Thanks for your feedback and useful points, everybody! Sorry, I’ve been busy in the offline world the last couple of days..
First off, I’ve solved my original problem using a plugin that does a bit of string replacement before templates get rendered (probably similar to what smashingred mentioned). That takes care not only of RTE’s but also any other 3rd party code. Basically it boils down to removing the slash on a few "empty"/self-closing tags (meta, img, br etc.), which is quick & easy and with no noticable performance hit. The rest consists of making sure I write good HTML in my templates, snippets and so on.

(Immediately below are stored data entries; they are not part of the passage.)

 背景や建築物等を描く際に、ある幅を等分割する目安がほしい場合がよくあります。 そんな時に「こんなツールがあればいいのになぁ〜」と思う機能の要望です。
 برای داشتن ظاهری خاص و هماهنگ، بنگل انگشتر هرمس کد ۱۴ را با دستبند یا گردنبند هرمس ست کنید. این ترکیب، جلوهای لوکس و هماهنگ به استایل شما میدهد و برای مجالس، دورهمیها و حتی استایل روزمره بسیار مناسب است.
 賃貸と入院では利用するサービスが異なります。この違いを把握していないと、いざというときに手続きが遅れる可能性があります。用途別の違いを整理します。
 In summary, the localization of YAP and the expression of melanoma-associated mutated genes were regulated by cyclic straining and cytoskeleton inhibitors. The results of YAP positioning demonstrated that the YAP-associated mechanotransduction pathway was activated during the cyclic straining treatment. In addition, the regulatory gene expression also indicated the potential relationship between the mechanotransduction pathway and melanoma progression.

Some comments to your replies:
I’m not trying to say that it’s horribly evil to do "fake" XHTML (sent as text/html and with the other slur of compromises mentioned earlier), so of course it’s
okay to do that if you prefer. All I’m saying is, be very clear about the fact that you
are sending HTML to the browsers. The MIME type is what’s important, not your DOCTYPE. So if you’re not really using "real" XHTML because you need its features, why do it at all? You can have the same "web standards benefits" using strict, valid HTML4. But again, I’m not militant about this, I agree that you need to be pragmatic sometimes and flow with project requirements beyond your control and so on. Besides, this whole discussion comes up every so often and always brings a "uh oh, here we go again" sigh to many people. And the last thing I wanna do is annoy people with endless nitpicking
I’m just asking that people at least understand the issues. I know it’s tedious to do the research and there are more thrilling things to do than compare fine points of dry specs, but hey that’s part of the job as a pro.

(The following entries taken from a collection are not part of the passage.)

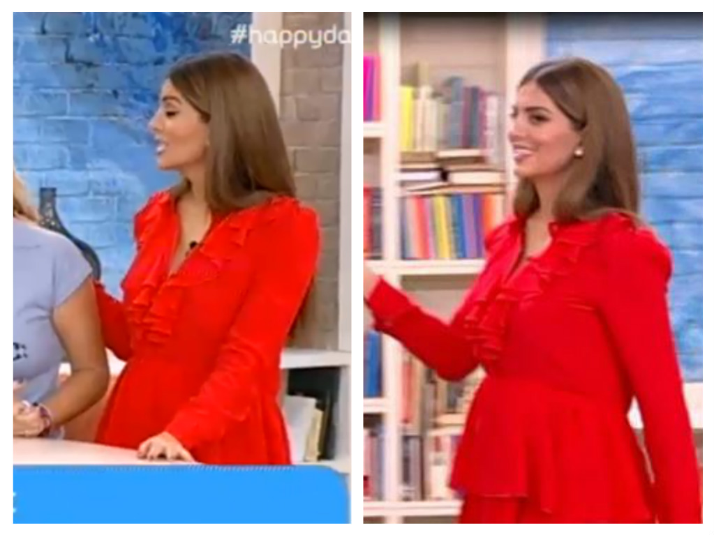Σήμερα, στην εκπομπή της τα πλάνα “πρόδιδαν” την φουσκωμένη της κοιλίτσα, την οποία έκρυβε κάπως το φαρδύ κόκκινο φόρεμα της.
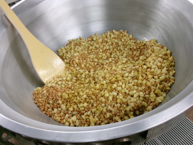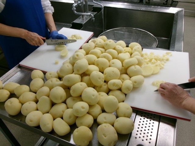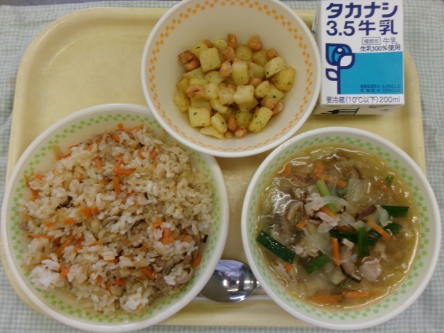 4月の給食目標は「たのしく食事をしよう」です。クラスのみんなで、給食の準備を協力して行い、楽しい給食時間が過ごせるようにしましょう。給食当番の人は、白衣・帽子・マスクの身支度を整え、手を洗ってから配膳を行うようにしてください。今日は、大豆を使ってカレービーンズポテトを作りました。大豆は、体をつくる栄養の「たんぱく質」が多くふくまれています。よくかんで食べてくださいと、おはなししました。
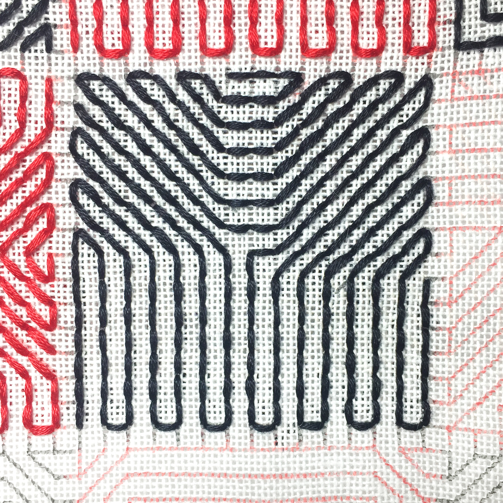 Personal project made after research by Brazilian Indian Tribes. I created this embroidery alphabet inspired by their body paintings, basketry, and crafts, that have a strong geometric theme made from lines creating intricate patterns. I used a rustic fabric as a reminder of their art of basketry and the colors red and black representing their mostly used natural pigments. The final result was similar to a tapestry with a pattern made from letters and numbers.

Bravado, I appreciate your line of thinking, i.e. that XHTML seems to encourage more rigid coding practices, which is a good thing. A while ago I was at exactly that spot, asking myself the things you did. But consider this: "Fake" XHTML is still just plain HTML for UAs. Actually, it’s invalid HTML, sort of ironic actually. Strict HTML4 itself is very much non-forgiving when it comes to
validation. So it’s not HTML that’s "loose" or forgiving but the browsers’ handling, which is a different matter. Just remember that browsers will be just as forgiving if you write sloppy fake XHTML. Write sloppy real XHTML and your
users are screwed.
Your code sample is valid. Closing p tags are optional indeed for HTML4. Many people including me prefer to close them anyway, for optical orientation. What I do is basically stick to all the best practices that are required for XHTML in HTML4. I close all tags, even when optional, I don’t use the short form of boolean attributes (e.g. <option selected> vs. <option selected="selected">) and a few other things. That way, I have a consistent coding style which is one of the concerns you touched upon.
Script libraries: It would be unwise if they didn’t work correctly with proper HTML4. I’ve only really used YUI (look at what DOCTYPE they use in all their examples) and jQuery so far and no problems have come up at all. Actually, if I’m not mistaken, innerHTML is not supported by real XHTML, and a lot of JS trickery seems to be based on innerHTML. Real XHTML requires namespace-aware DOM methods like createElementNS. Do current libraries even handle that? Not sure. Do I want to write two versions of all my scripts? Nope.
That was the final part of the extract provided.